# How do I respond to my SIL who has GD?



## greats

Hi all, I'm not sure if I should post this here but have no idea where to turn.

My SIL is 30 weeks pregnant and just found out today she is having another boy (her son is 12 yrs old). Long story short, she got pregnant from a one night stand, doesn't speak to the father of this baby, and has spent her entire pregnancy convincing herself she's having a girl to the point where if anyone mentioned the possibility of a boy she would flip out and correct you saying no, it's a girl. She's been crocheting girl colored blankets, her Pinterest page is full of baby girl stuff, etc.

I found out tonight through my in-laws that my SIL now wants absolutely nothing to do with this baby boy, to the point of now giving him up for adoption or finding ways to terminate this late. She has been lashing out at my MIL and the rest of my husband's family.

Me and my other SIL have her entire baby shower planned in less than 3 weeks, a lot of people have bought off her registries including myself!
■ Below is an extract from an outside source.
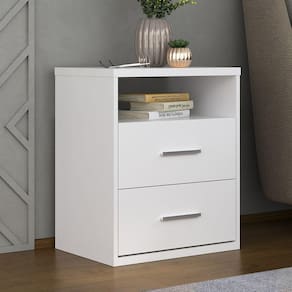 A Mesa de Cabeceira 2 Gavetas Foscarini é produzida 100% em MDF, com acabamento UV fosco/texturizado o que garante brilho e proteção em toda a superfície do móvel. Seu sistema de montagem é realizado através de parafusos, minifix e cavilhas. Sua estrutura principal é de 25mm e possui duas gavetas com corrediças telescópicas de deslize suave que proporcionam a abertura total. Medidas montado (A x L x P): 60 x 50 x 36 cm. Ideal para renovar seu quarto. Aproveite! Acabamento da Gaveta: Pintura Texturizada UV Ambiente Principal: Quarto Complexidade da Montagem: Baixa: pode ser montado por uma pessoa sozinha Cor: Branco Cor do Produto: Branco Cor Interna: Branco Escala de Brilho: Fosco Escala de Brilho da Gaveta: Fosco Gaveta com Chave: Não Itens Inclusos: 1 Mesa de Cabeceira, Kit Ferragens e Manual de Montagem Manual de Montagem e Instalação: https://product-hub-prd.madeiramadeira.com.br/767795/documents/9693df8a-b9d0-4a7e-b09e-4caff9a1bfc5807mesadecabeceira2gavetas.pdf Material da Gaveta: MDF Material do Puxador da Gaveta: Alumínio Material Principal: MDF Necessita Montagem: Sim Origem do Produto: Nacional Peso: 18 Peso Máximo por Gaveta: 15 Pet Friendly: Não Possui Espelho: Não Possui Possui Nichos: 01 Possui Pés: Não Possui Portas: Não Possui Prateleiras: Não Possui Vidro: Não Quantidade de Nichos: 01 Recomendações de Uso, Manutenção e Limpeza: Limpar com flanela ou pano macio seco, não utilizar produtos abrasivos, desengordurantes, álcool ou solvente. Não expor o produto diretamente à luz solar e à umidade. Sapatas Niveladoras: Não Sistema de Montagem: Parafusos, minifix e cavilhas. Suporta Até (kg): 45 Tipo de Corrediça da Gaveta: Metálica Telescópica Tipo de Puxador da Gaveta: Externo Ean: 7909903098103
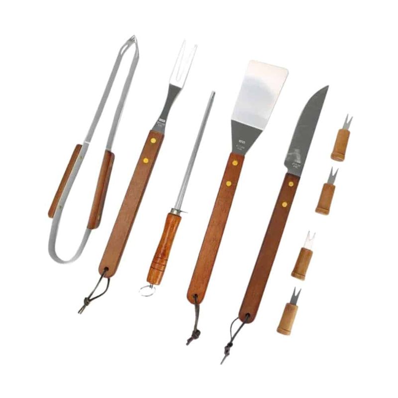 Possui: 1 Bolsa preta de nylon 1 Pegador para carne 1 Garfo para churrasco 1 Espátula multiuso 1 Faca de corte 1 Amolador de lâminas 4 Pegadores de petiscos

I have no idea what to do or say. I'm speechless.

I had slight GD when I found out I'm having another girl, but had no idea her form of GD was even possible.

Help???? Any articles or references I can read and maybe send to her out of desperation?


----------



## Eleanor ace

Oh my gosh. Poor her, it must be awful to have GD so bad. I don't have any experience but I would just recommend being there for her, letting her talk and not judging her because I can imagine she really needs someone to be there or her right now. It sounds like she was building her hopes on this baby being a girl and now she has found out a boy all the negatives of the situation (not having a partner etc) have come crashing down on her and it must be so stressful. I'd say that unimportant things like a baby shower and gifts can wait, they can be cancelled and returned but how she's feeling can't and she needs support to get through this and maybe help making a decision. I hope it works out OK :hugs:


----------



## greats

Thank you for your reply! I took her out to dinner this evening, and she seemed to really enjoy herself. I hesitantly asked how she was feeling about everything and she said she has been slowly coming to terms with having another boy and has no intention to give him up for adoption. So hoping the next few weeks will give her the time she needs to come around with everything.


----------



## Eleanor ace

Aw she's lucky to have you as a SIL, I bet she really appreciates the support. It sounds like she reacted in shock and hopefully she'll come round and be happy soon :)


----------



## foxiechick1

Aw you sound like you've been amazingly supportive to her and well done that's exactly what she needs. Everything always seems a million times worse when were pregnant due to those crappy hormones! I'm glad she's coming to terms with it and I'm sure she'll still have her down days but with your support she'll get through it.


----------



## tinkerbelle93

Well done for being so supportive, I know a lot of people would be the complete opposite. I definitely think the gender disappointment is being fueled by all her other problems like the baby being unplanned in the first place, being on bad terms with the father ect.. Sounds like she is in a really bad place and the crushing GD has been the final straw. It's great she is coming round to it.


----------